M2 PHARMA-July 20, 2017-Dicerna Expands Lead GalXCDevelopment Program to Encompass All Forms of Primary Hyperoxaluria and Reveals New Therapeutic Target for DCR-PHXC

(C)2017 M2 COMMUNICATIONS

- US-based ribonucleic acid interference therapeutics developer Dicerna Pharmaceuticals, Inc. (NASDAQ: DRNA) has presented new preclinical data suggesting the potential utility of DCR-PHXC, a GalXC-based investigational therapy, for treating all forms of primary hyperoxaluria, the company said.

In a series of presentations at the 12th International Workshop on Primary Hyperoxaluria for Professionals, Patients and Families in Tenerife, Spain from July 14-16, 2017, Dicerna scientists presented research from animal models demonstrating how DCR-PHXC inhibits the lactate dehydrogenase A gene, which Dicerna has identified as potentially being an optimal therapeutic target in patients with PH, a group of severe, rare, inherited disorders of the liver that often result in kidney failure.

In patients with PH, the liver over-produces oxalate, a metabolite that can accumulate throughout the body and particularly in the kidneys, often resulting in end-stage renal disease and the need for both kidney and liver transplants.

DCR-PHXC, the lead investigational product candidate in Dicerna's pipeline of therapies targeting rare diseases of the liver, yields potent, liver-specific LDHA inhibition in animal models of PH, an effect that reduces oxalate to near-normal levels, which may prevent the damage caused to kidneys and other organs by oxalate accumulation.

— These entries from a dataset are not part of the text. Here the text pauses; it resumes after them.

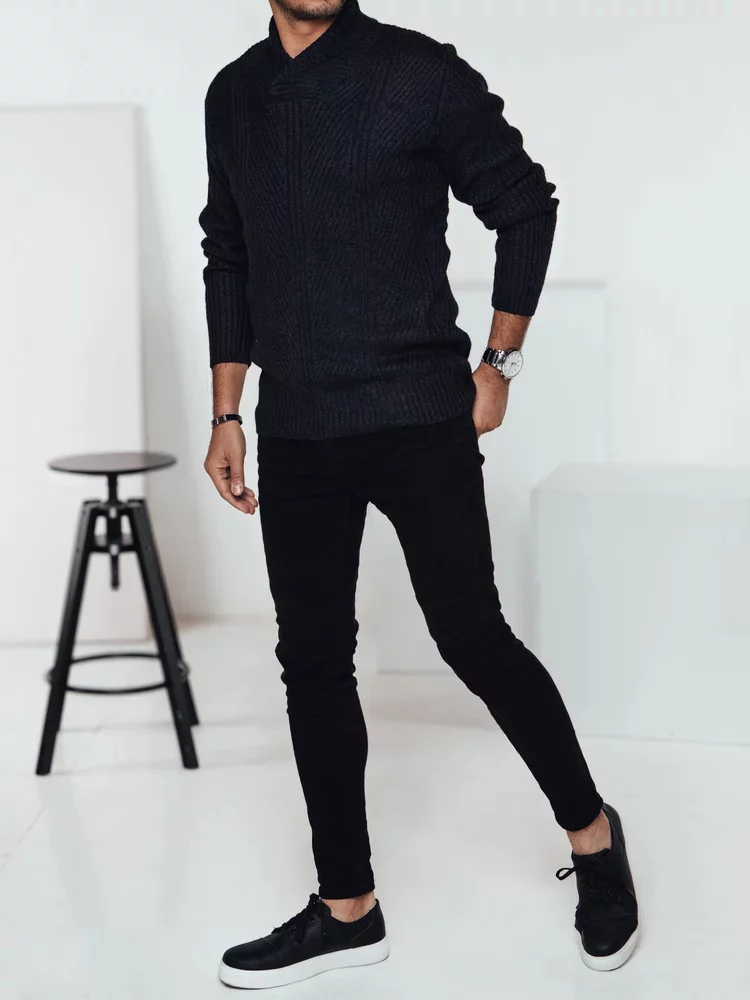 Svetr s šálovým límcem ideální na chladnější dny, vynikající elegantním pletením. Vyrobený z vysoce kvalitního materiálu, který zajišťuje pohodlí a komfort nošení po celý den. Díky univerzálnímu střihu se skvěle hodí jak k ležérním, tak i k elegantnějším stylizacím. Ideální volba pro muže, kteří si cení klasického stylu s moderním nádechem.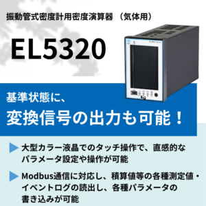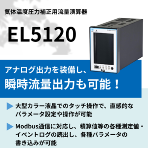 JIS M8010に基づいた補正の他、温度・圧力の2次関数としての補正計数Xを使用することも可能で、自由度の高い補正演算を有します。また、アナログ出力を装備し、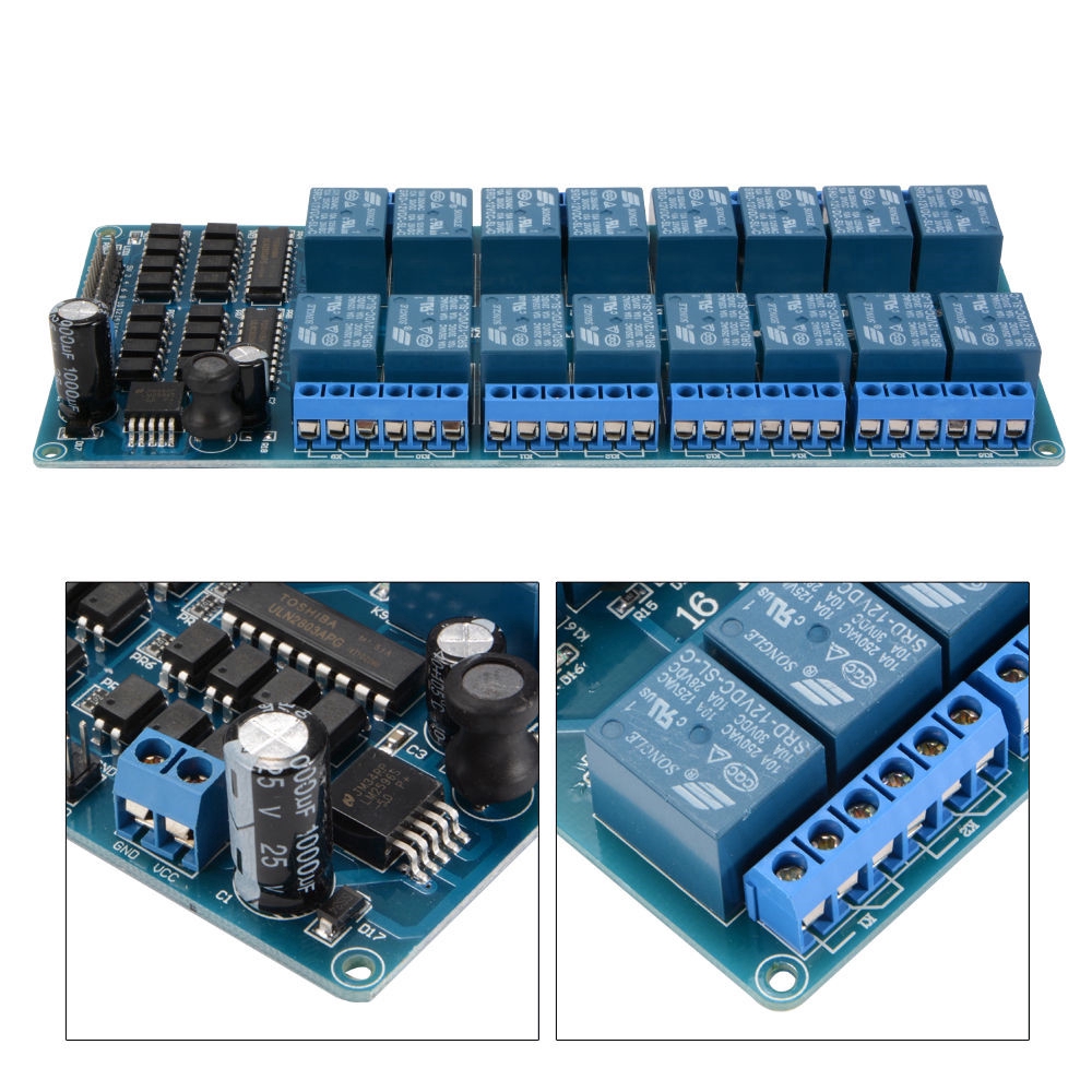 Pcbfun 16 Channel Dc 5V/12V Relay Shield Module With Optocoupler For Arduino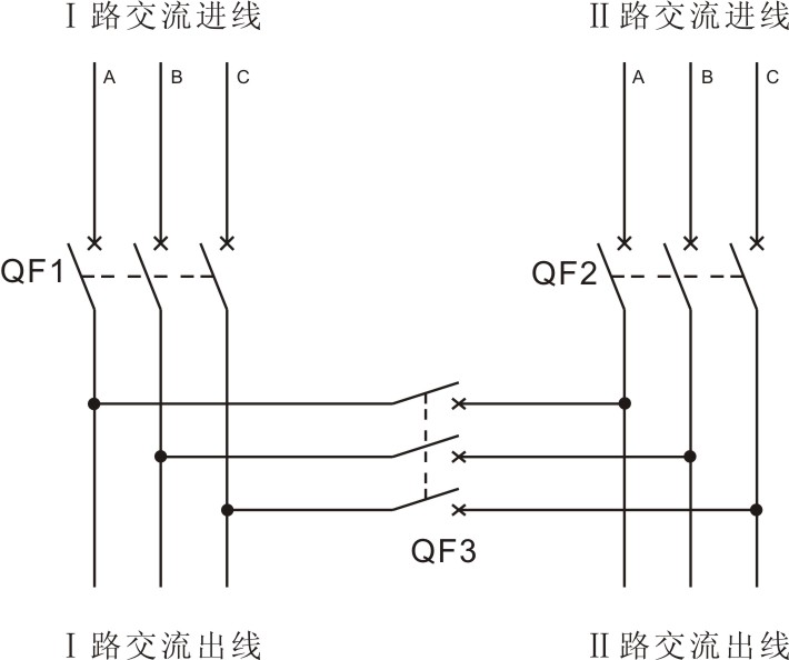 (2) 給一路三相交流輸入送電,二路交流輸入不送電,自動/手動置于自動狀態(自投自復), 斷路器QF1延時閉合,母聯斷路器QF3 在斷路器QF1閉合后延時閉合,則兩路用電均由一路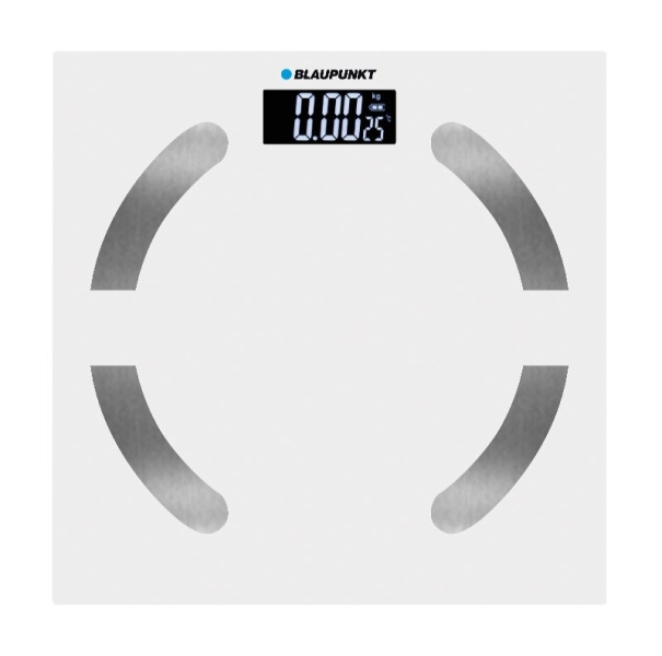 La bilancia pesapersone Blaupunkt BP5009 combina un design ultrasottile con vetro temperato e acciaio inossidabile per fornire una superficie stabile che supporta fino a 180 kg.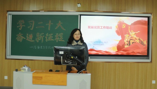 接着,王永芝书记对大家进行了发展党员工作的培训。她分别从申请入党、入党积极分子的确定和培养、发展对象的确定和考察、预备党员的接收、预备党员的教育考察和转正五个部分,详细讲解了入党的流程及要求。同时,王书记结合自身经历,讲述了自己入党时的体会,并向同学们展示了当年作为辅导员发展的第一批党员的相关材料,从细节之处强调了入党的严谨性与严肃性。她希望所有入党积极分子时刻以党员的标准严格要求自己,为早日加入中国共产党而努力。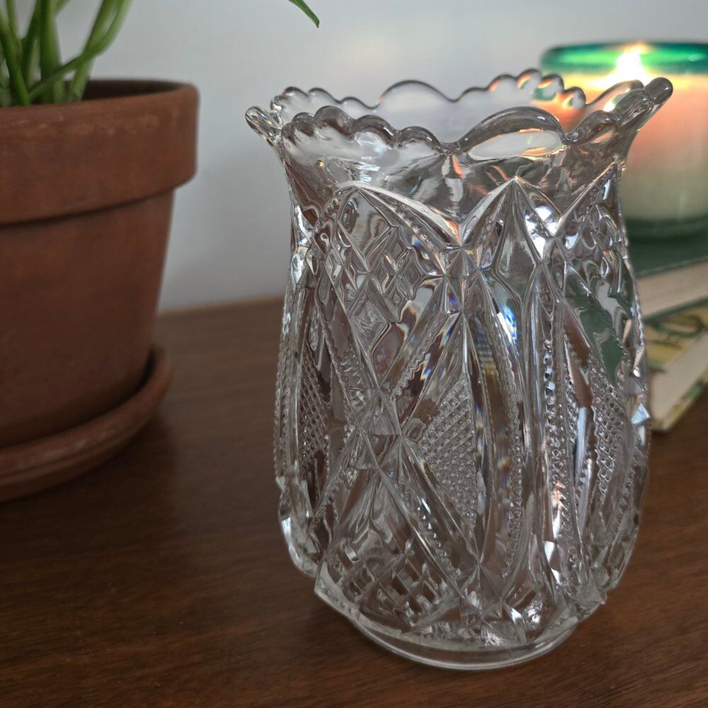 VenmoAntique American Brilliant Period cut glass celery vase, approx. 6" tall. Intricate deep-cut design with beautiful clarity and weight.

At the 12th International Workshop, Dicerna presented research findings on LDHA inhibition, which was shown in animal models to reduce oxalate to normal or near-normal levels in PH types 1, 2, and ethylene glycol-induced PH.

In contrast, research findings showed that inhibiting the enzyme glycolate oxidase, a common target of investigational therapies for PH, including Dicerna's earlier IV-administered program for PH1, does not appear to have the potential to treat PH2 or IPH.

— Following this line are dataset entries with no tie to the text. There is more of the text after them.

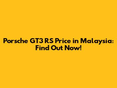 Porsche GT3 RS Price In Malaysia: Find Out Now!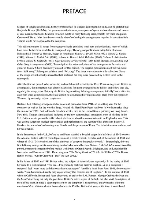 This landmark publication includes 61 songs, combining the contents of the seven published books of Britten folksong arrangements in High and Low Voice editions. Some of the songs have never before been transposed. The songs of Volume 6, for voice and guitar, have been transcribed for voice and piano for this edition.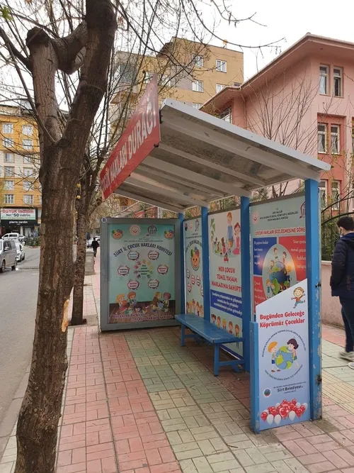Aile, Çalışma ve Sosyal Hizmetler İl Müdürü Gökhan Marakçı, "Siirt Çocuk Hakları İl Komitesi olarak ilimizde "Çocuk Hakları"na dikkat çekmek ve farkındalık yaratmak amacıyla Siirt Belediyesi ile ortak gerçekleştirdiğimiz proje kapsamında Bahçelievler Mahallesi İhsan Tan Bulvarı karşısında bulunan bir otobüs durağına çocuk haklarını konu alan giydirme yapılarak, Çocuk hakları durağı açıldığını söyledi.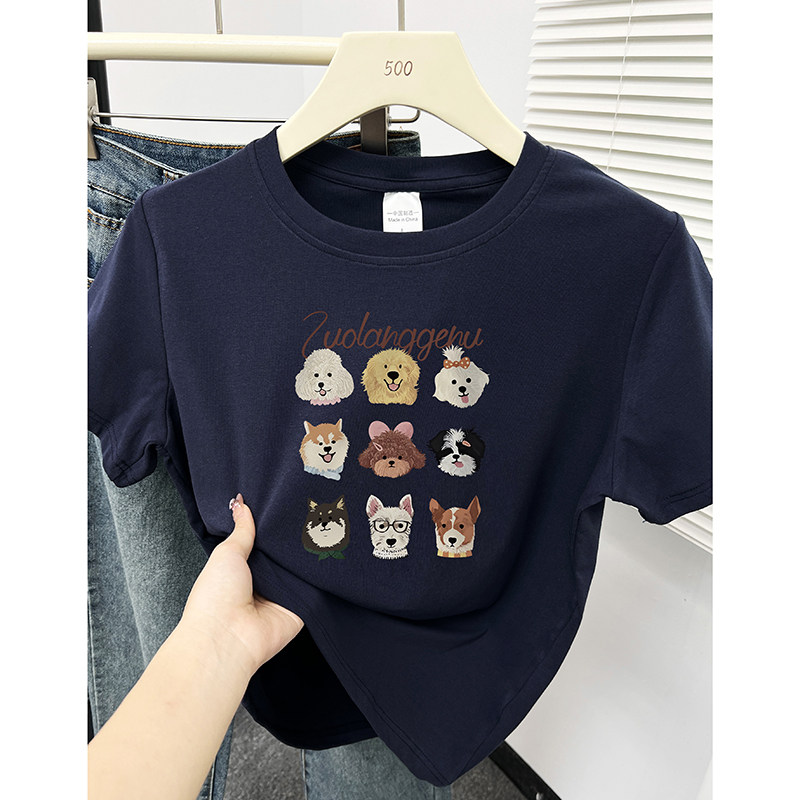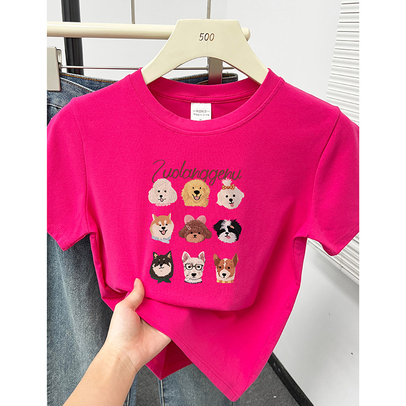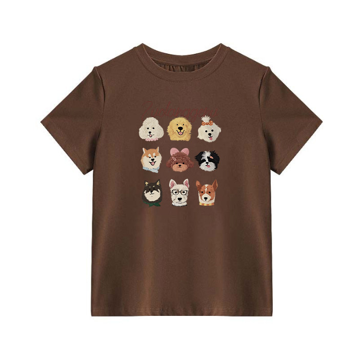 小个子洋气显瘦百搭棕色圆领上衣 小狗印花夏季 正肩短袖 T恤女美式

In animal models of PH2 and ethylene glycol-induced PH, LDHA knockdown with DCR-PHXC nearly normalised oxalate levels within one-month post-treatment, whereas oxalate levels remained unchanged and elevated in animals receiving GO-targeted therapy.

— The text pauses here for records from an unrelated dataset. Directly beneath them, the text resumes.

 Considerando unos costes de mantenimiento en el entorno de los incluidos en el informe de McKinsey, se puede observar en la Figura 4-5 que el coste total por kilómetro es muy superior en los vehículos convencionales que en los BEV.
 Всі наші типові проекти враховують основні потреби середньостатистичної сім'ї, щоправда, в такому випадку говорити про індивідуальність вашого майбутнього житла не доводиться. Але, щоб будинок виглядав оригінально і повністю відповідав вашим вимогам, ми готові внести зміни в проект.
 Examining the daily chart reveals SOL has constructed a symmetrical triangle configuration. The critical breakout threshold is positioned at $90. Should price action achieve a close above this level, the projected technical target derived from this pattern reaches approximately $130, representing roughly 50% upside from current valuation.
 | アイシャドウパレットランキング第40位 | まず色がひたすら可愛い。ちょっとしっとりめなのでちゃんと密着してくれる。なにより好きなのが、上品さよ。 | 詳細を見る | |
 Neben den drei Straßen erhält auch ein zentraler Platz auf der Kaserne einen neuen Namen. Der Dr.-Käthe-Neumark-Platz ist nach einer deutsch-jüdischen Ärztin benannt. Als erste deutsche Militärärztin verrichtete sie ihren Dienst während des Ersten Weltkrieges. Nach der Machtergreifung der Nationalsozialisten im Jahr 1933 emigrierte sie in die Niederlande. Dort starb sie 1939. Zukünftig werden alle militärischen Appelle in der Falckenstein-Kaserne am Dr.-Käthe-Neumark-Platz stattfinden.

LDHA reduction has a linear correlation with oxalate reduction and offers a minimal metabolic intervention, unlike GO reduction.

These benefits of LDHA inhibition may translate into consistent therapeutic activity even in the event of a missed dose. There are numerous case reports of LDHA deficiency naturally occurring in humans, with no reported adverse effects due to deficiency in the liver.

DCR-PHXC is the most advanced product candidate utilizing Dicerna's GalXC technology, a proprietary platform that advances the development of next-generation RNAi-based therapies designed to silence disease-driving genes in the liver. GalXC compounds are intended to be broadly applicable across multiple therapeutic areas, including rare diseases, chronic liver diseases, cardiovascular diseases, and viral infectious diseases.

GalXC enables subcutaneous delivery of RNAi therapies to hepatocytes in the liver and offers several distinct potential benefits, as extensively demonstrated in various animal models. Such benefits could include potent silencing of LDHA and other genes; highly specific targeting to hepatocytes, sparing other cell types in the body; a long duration of action; and a simple, infrequent dosing regimen.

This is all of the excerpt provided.